VisualComplexity:=(Count[ToBoxes[#], Except[" "|"("|")", _String], Infinity]&)

This works well on some simple examples, however not on the following:

FullSimplify[(-1+a)(-1+b) + Abs[c]^2 - Abs[d]^2,
             ComplexityFunction->VisualComplexity]
(*
==> 1 - a - b + a*b + Abs[c]^2 - Abs[d]^2
*)

What I had expected (and desired) would have been (1-a)(1-b) + Abs[c]^2 - Abs[d]^2. Note that with the built-in complexity function, it converts (1-a)(1-b) to (-1+a)(-1+b) in that context, so transforming between those two forms is definitely in the capabilities of FullSimplify.
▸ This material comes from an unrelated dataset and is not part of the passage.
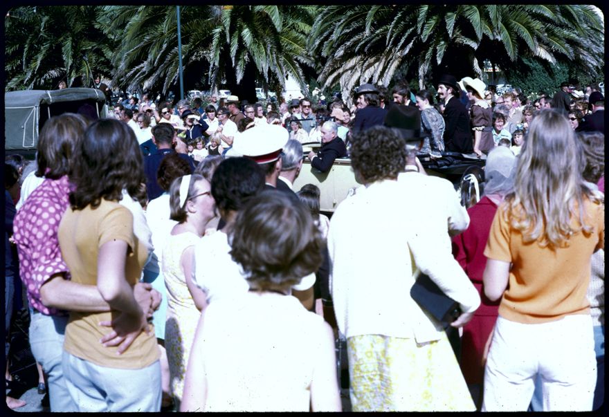 Sir Keith Holyoake, Prime Minister of New Zealand 1957 and 1960-1972, is pictured driving through The Square at the 1971 celebrations. 92 floats took part in the Palmerston North City Centennial celebrations of 1971. Approx. 10,000 people were present at the event to celebrate 100 years of Palmerston North.

Now my first thought was that maybe that's really less complex according to my complexity function (which would have meant tweaking that function). However, it turned out that the desired form indeed is computed to be less complex:

VisualComplexity /@ {1 - a - b + a*b + Abs[c]^2 - Abs[d]^2,
                     (1-a)(1-b) + Abs[c]^2 - Abs[d]^2}
(*
==> {20, 18}
*)

Therefore my question is: How do I get FullSimplify to generate the simpler form?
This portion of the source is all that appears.